Aim of the exercise — In the listing below, the lines starting with the line with "更让人感慨的是那个一度火上热" and going on through the line with "-Er zit ADAS" are to be reproduced exactly, and only those.

Task data —
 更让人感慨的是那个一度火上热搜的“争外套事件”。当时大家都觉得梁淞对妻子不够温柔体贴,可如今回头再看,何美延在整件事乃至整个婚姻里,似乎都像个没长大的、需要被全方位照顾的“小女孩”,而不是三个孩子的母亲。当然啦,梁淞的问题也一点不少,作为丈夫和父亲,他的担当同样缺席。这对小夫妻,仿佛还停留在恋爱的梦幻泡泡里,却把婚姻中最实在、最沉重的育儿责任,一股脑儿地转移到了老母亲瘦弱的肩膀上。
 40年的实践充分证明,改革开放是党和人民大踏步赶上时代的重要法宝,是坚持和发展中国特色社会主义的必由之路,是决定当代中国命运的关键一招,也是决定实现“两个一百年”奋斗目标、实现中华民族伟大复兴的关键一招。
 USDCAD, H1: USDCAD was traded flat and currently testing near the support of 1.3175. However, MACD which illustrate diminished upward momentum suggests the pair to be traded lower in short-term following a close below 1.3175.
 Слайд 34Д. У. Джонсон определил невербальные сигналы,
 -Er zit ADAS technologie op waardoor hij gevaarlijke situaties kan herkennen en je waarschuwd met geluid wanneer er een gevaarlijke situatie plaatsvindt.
...
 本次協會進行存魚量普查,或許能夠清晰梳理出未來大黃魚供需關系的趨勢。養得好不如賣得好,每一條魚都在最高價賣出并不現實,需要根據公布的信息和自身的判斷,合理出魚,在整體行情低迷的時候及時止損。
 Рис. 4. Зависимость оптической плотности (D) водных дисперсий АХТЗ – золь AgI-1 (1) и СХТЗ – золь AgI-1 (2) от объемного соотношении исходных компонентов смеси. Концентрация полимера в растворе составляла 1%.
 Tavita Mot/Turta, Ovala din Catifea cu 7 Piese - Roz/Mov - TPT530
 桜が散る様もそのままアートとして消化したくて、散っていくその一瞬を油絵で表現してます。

Your solution —
 更让人感慨的是那个一度火上热搜的“争外套事件”。当时大家都觉得梁淞对妻子不够温柔体贴,可如今回头再看,何美延在整件事乃至整个婚姻里,似乎都像个没长大的、需要被全方位照顾的“小女孩”,而不是三个孩子的母亲。当然啦,梁淞的问题也一点不少,作为丈夫和父亲,他的担当同样缺席。这对小夫妻,仿佛还停留在恋爱的梦幻泡泡里,却把婚姻中最实在、最沉重的育儿责任,一股脑儿地转移到了老母亲瘦弱的肩膀上。
 40年的实践充分证明,改革开放是党和人民大踏步赶上时代的重要法宝,是坚持和发展中国特色社会主义的必由之路,是决定当代中国命运的关键一招,也是决定实现“两个一百年”奋斗目标、实现中华民族伟大复兴的关键一招。
 USDCAD, H1: USDCAD was traded flat and currently testing near the support of 1.3175. However, MACD which illustrate diminished upward momentum suggests the pair to be traded lower in short-term following a close below 1.3175.
 Слайд 34Д. У. Джонсон определил невербальные сигналы,
 -Er zit ADAS technologie op waardoor hij gevaarlijke situaties kan herkennen en je waarschuwd met geluid wanneer er een gevaarlijke situatie plaatsvindt.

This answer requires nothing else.